Большая книга ужасов 2013 (сборник), стр. 97

– А с чего ты взяла, что это именно она?

– А кто же еще? – Нет, сегодня Ольга как будто специально выводила меня из себя. – Я же тебе уже все рассказала! Это тот самый охранник, которого я спасла! А «уборщица» – черноволосая! Я ее узнала, понимаешь?!

– Да что ты злишься?! – возмутилась Ольга. – Я не тупее паровоза, все понимаю. Почему ты решила, что уволившаяся Валя и твоя черноволосая – одна и та же женщина?

И тут я растерялась. Действительно, в словах Ольги был резон. Доказательств никаких. Хотя…

– Можно посмотреть ее документы, – предположила я.

– Ха! Так ей же их вернули, она же уволилась, – напомнила Ольга.

– Но что-то осталось?

– Ну, не знаю…

Мы помолчали. Потом Ольга встрепенулась:

– Камень покажи!

– Что же, я с собой его, что ли, таскать буду? – возмутилась я. – Он дома.

– Сравнила?

– Нет, некогда было, сунула в стол и бегом, – я вздохнула. Ольга тоже.

Мы сидели на подоконнике и молчали. Ужасно хотелось спать. И стоило нестись в школу как ошпаренным только затем, чтоб узнать, что какая-то Валя уволилась…

Глава 8

Под личиной

Дома и в школе полным ходом шла подготовка к Новому году. Все как с цепи сорвались. Даже Ольга немного ожила и сопровождала меня в походах по магазинам.

А потом нам позвонила мамина сестра и сказала, что мой двоюродный брат Егор попал под машину. Мы так испугались, что и о празднике забыли. Мама немедленно уехала туда, мы с отцом сидели на телефоне. Я каждую минуту готова была сорваться с места. Хуже всего неизвестность. Да я и думать забыла о черноволосой! Какие сны! Реальность целиком поглотила меня.

Наконец мама сообщила, что с братом все в порядке, опасности нет, нога в гипсе, все остальное цело.

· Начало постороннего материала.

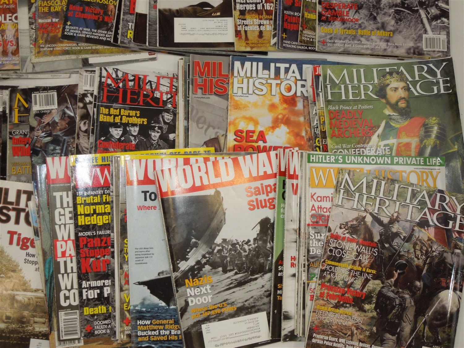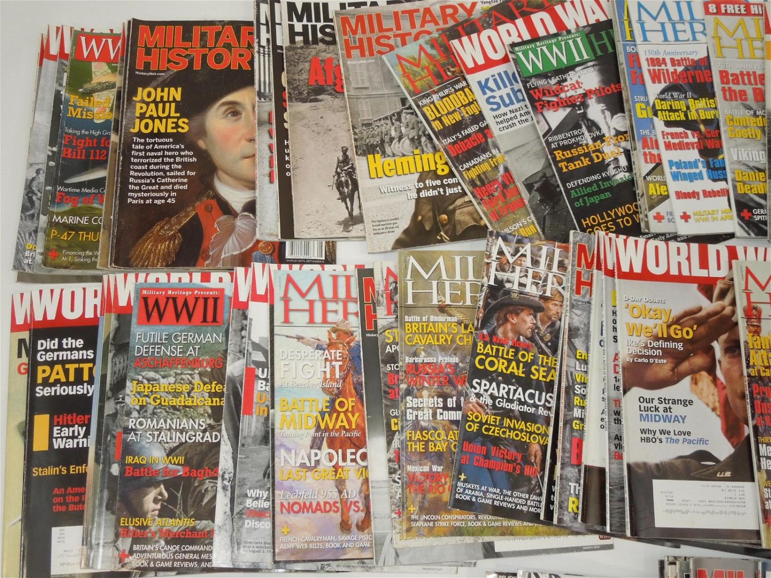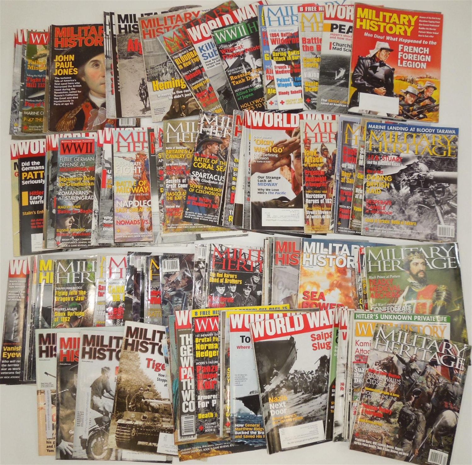 Magazines Reference Book Lot of 100 plus magazines. The 4 different magazines include the following: 2008, 2009, 2010, 2011, 2012, 2013, 2017 World War II (31 issues), 2008, 2009, 2010, 2011, 2012, 2013 World War II History (27 issues), 2008, 2009, 2010, 2011, 2012, 2013, 2014, Military Heritage (39 issues), and 2007, 2008, 2009, 2011, 2017 Military History (5 issues). Good used, readable condition.

В итоге на Новый год мы отправились в гости к маминой сестре и загипсованному брату. От них все вместе заехали к бабушке. Так что все каникулы я была занята родственниками, и мне ни до чего другого не было дела. По ночам я совершала обычные переходы по границе, провожая умерших, да следила за теми, кто поселился в созданном мной маленьком мире, центром которого стал дом из моего детства. Гости попадались разные, были и очень беспокойные. Так что работы хватало.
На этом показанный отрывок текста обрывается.